See research/ for the full hypothesis, evaluation methodology, and experiment results.
Add the Special plugin to Claude Code:
claude mcp add-plugin special --url https://github.com/caryden/specialThis makes all skills available as slash commands in your Claude Code sessions.
Each skill is a slash command. Pass the node names you want and an optional --lang flag:
/optimization nelder-mead --lang python
/robotics kalman-filter --lang rust
/cron-expressions all --lang go
/math-expression-parser evaluate --lang cpp
/when-words time-ago duration --lang swift
Default target language is TypeScript if --lang is omitted.
Dependencies are resolved automatically — request only the nodes you need and
the skill includes everything they depend on. For example, /robotics jacobian-ik --lang python
generates 8 nodes (the full DH kinematics chain) without you listing each one.
Not sure which nodes you need? Every skill has a built-in help guide:
/optimization help
/robotics help
/cron-expressions help
/math-expression-parser help
/when-words help
The help command walks you through an interactive decision tree — it asks
about your use case, recommends specific nodes, and suggests a target language.
For example, /robotics help covers common profiles (FRC, FTC, MATE ROV,
undergrad controls, hobbyist arm) and produces a ready-to-use recipe.
The skill generates native source code and tests in your target language:
- Zero external dependencies — all code is self-contained
- Only the subset you asked for — no bloat from unused algorithms
- Tests included — translated from the reference test suite with provenance annotations
- Verified — each node's tests run after generation to confirm correctness
All skill implementations are independently written. No code is derived from external libraries. The following are acknowledged for their contributions to the algorithms and validation methodology used in this project:
Algorithm sources:
- J.A. Nelder and R. Mead, "A Simplex Method for Function Minimization" (1965)
- J. Nocedal and S.J. Wright, Numerical Optimization, Springer (2006)
- S. Kirkpatrick, C.D. Gelatt, and M.P. Vecchi, "Optimization by Simulated Annealing" (1983)
- R.E. Kalman, "A New Approach to Linear Filtering and Prediction Problems" (1960)

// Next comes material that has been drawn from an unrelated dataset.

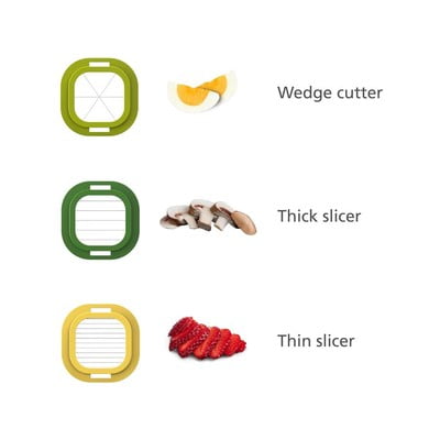 Tento ručný krájač Joseph Joseph je praktickým pomocníkom pre ľahké krájanie vajec, mäkkého ovocia alebo húb. Ponúkne tri rôzne antikoro rezné nástroje, ktoré umožňujú krájanie na klinky, tenké prúžky alebo hrubšie plátky. Pre pohodlnú manipuláciu a čistotu pri práci je krájač vybavený priehľadným zásobníkom s protišmykovou základňou. Po dokončení práce je možné všetky časti ľahko zložiť do kompaktného tvaru šetriace miesto pri skladovaní.

- P. Corke, Robotics, Vision and Control, Springer (2023)
- K.J. Astrom and T. Hagglund, Advanced PID Control, ISA (2006)
- S.M. LaValle, Planning Algorithms, Cambridge University Press (2006)
- S. Koenig and M. Likhachev, "D* Lite" (2002)
Cross-validation references:
- SciPy v1.17.0 (BSD-3-Clause) — test vectors verified against
scipy.optimize.minimize - Optim.jl v2.0.0 (MIT) — test vectors verified against Optim.jl solvers
- FilterPy v1.4.4 — Kalman, EKF, UKF test vectors
- Robotics Toolbox v1.1.0 (Corke) — kinematics, DH, Jacobian
- python-control v0.10.2 — PID, LQR
- PythonRobotics — path planning, drivetrains
- OMPL v1.7.0 — RRT, RRT*, PRM
- GTSAM 4.2 — pose graph optimization
Cross-validation confirms behavioral equivalence: implementations produce the same
results as established libraries on standard test functions, documented via @provenance
annotations throughout the codebase.
Predicted and then validated by Drew Breunig's "A Software Library With No Code" (Jan 2026). Further informed by practical experience porting a subset of Optim.jl to TypeScript using AI agent translation with test-driven verification.
This project is licensed under the MIT License.